Coconut flour absorbs much more liquid than almond flour, so it’s not a direct substitute. If you must use it, you’ll need only about 1/3 cup coconut flour plus an extra egg to bind the crust properly. However, the texture will be different from the original recipe.

Why are my cheesecake bars cracking on top?

Cracks usually happen from overmixing the batter or baking at too high a temperature. Make sure to mix just until combined after adding eggs, and avoid opening the oven door during baking. Letting the bars cool gradually in the turned-off oven also helps prevent cracking.

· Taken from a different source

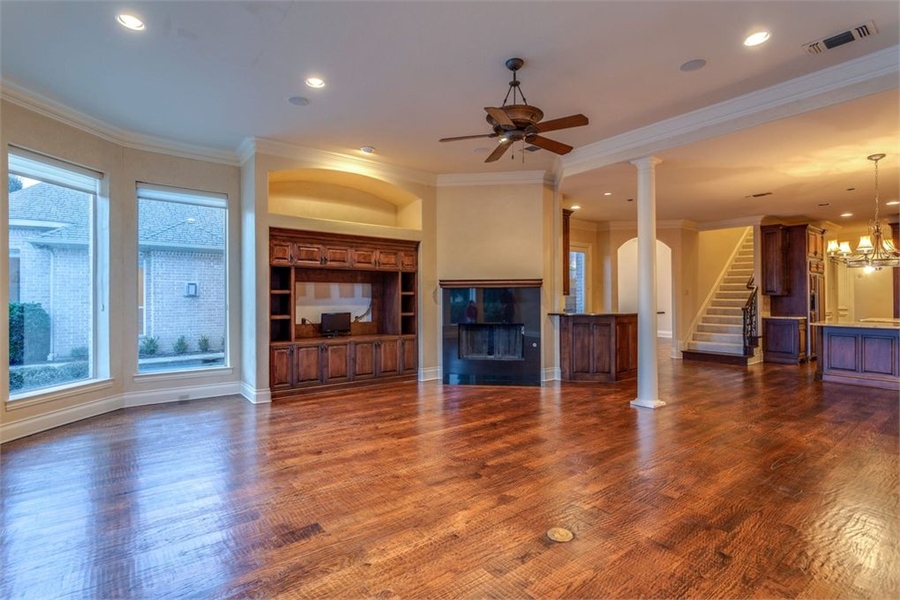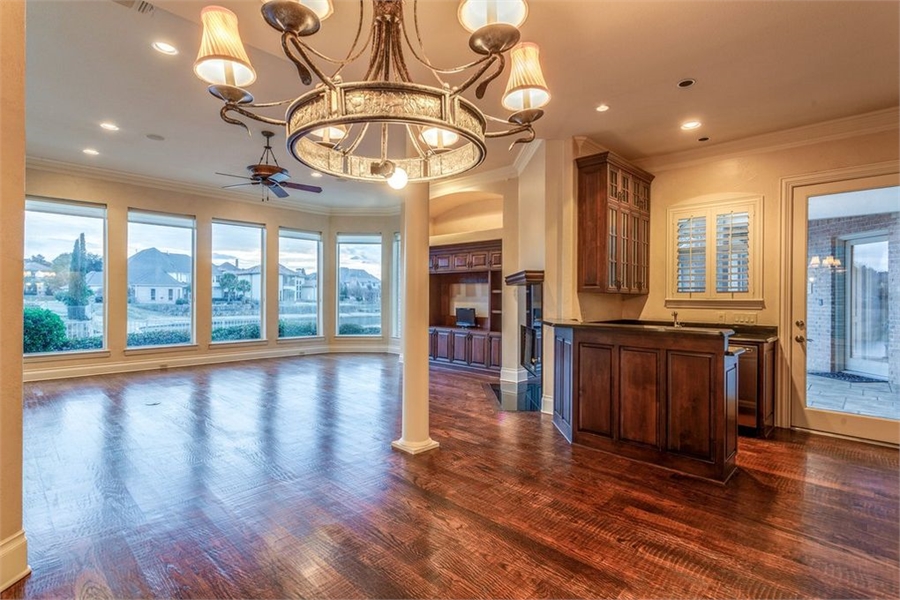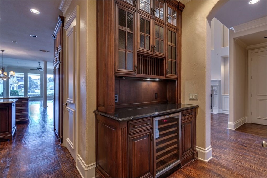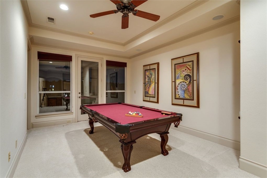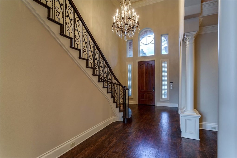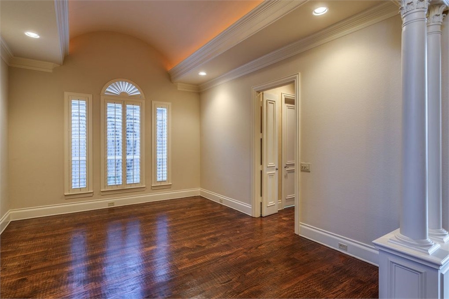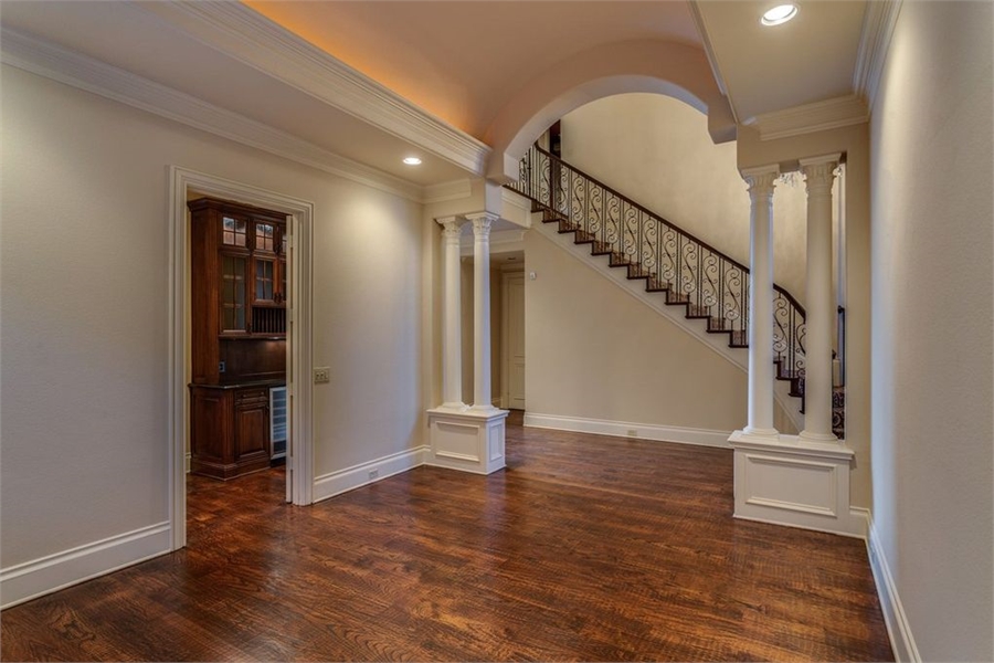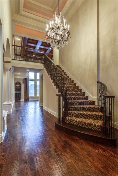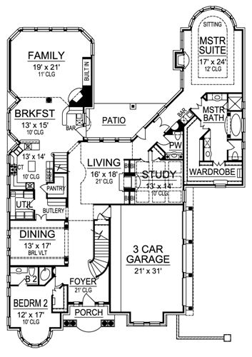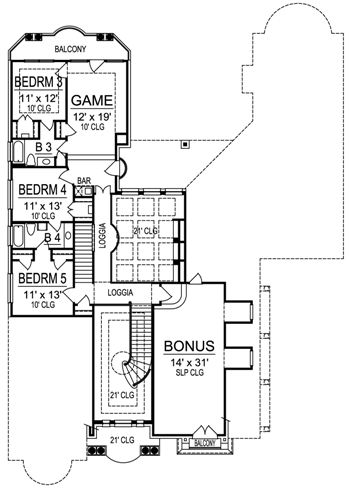 This French-inspired luxury mansion is a wonderful home for any family. The 24-ft. vaulted foyer offers a sweeping staircase and entrance to a family bedroom that could be easily converted into a guest room or in-law suite. The bedroom has a bayed sitting area, walk-in closet and private bath. From the foyer, enter the elegant dining room, with its barrel vaulted ceiling and entrance to the butlery, utility room and kitchen for ease in serving. The breakfast room and family room are separated by a large decorative pillar, allowing the warmth of the family room's fireplace to be enjoyed in the breakfast area and kitchen. The family room offers built-ins and a large bank of windows along the back of the room. A bar and patio access from the breakfast room make entertaining convenient to the gathering area. The study features a coffered ceiling and opens to the living room. The luxurious master suite boasts a bayed sitting area, a tray ceiling, a fireplace, and a lavish master bath with his and hers vanities, separate shower and tub, and large wardrobe. The winding stairs lead to a loggia with views of the main level. There are three family bedrooms upstairs, two sharing a Jack and Jill bath and the other with a full bath and access to the balcony and game room. A bar and bonus room complete this level of this luxury mansion home plan.

Can I make these bars dairy-free?

Yes, you can substitute the cream cheese with dairy-free cream cheese and use coconut cream instead of sour cream. The texture will be slightly different but still delicious. Make sure your dairy-free cream cheese is thick and not too soft for best results.

How do I know when the bars are done baking?

The edges should be set and slightly puffed, while the center should still have a slight jiggle when you gently shake the pan. The bars will continue to set as they cool. Overbaking will result in a dry, crumbly texture instead of creamy bars.

Can I freeze these cheesecake bars?

Absolutely! These bars freeze beautifully for up to 3 months. Wrap individual bars in plastic wrap, then place them in a freezer-safe container. Thaw overnight in the refrigerator before serving. The texture remains creamy and delicious after freezing.

What can I use instead of erythritol?

You can use any powdered keto-friendly sweetener like monk fruit, allulose, or a stevia-erythritol blend. Avoid using granulated sweeteners as they won’t dissolve properly and will create a grainy texture. Adjust the amount to taste since sweeteners vary in sweetness levels.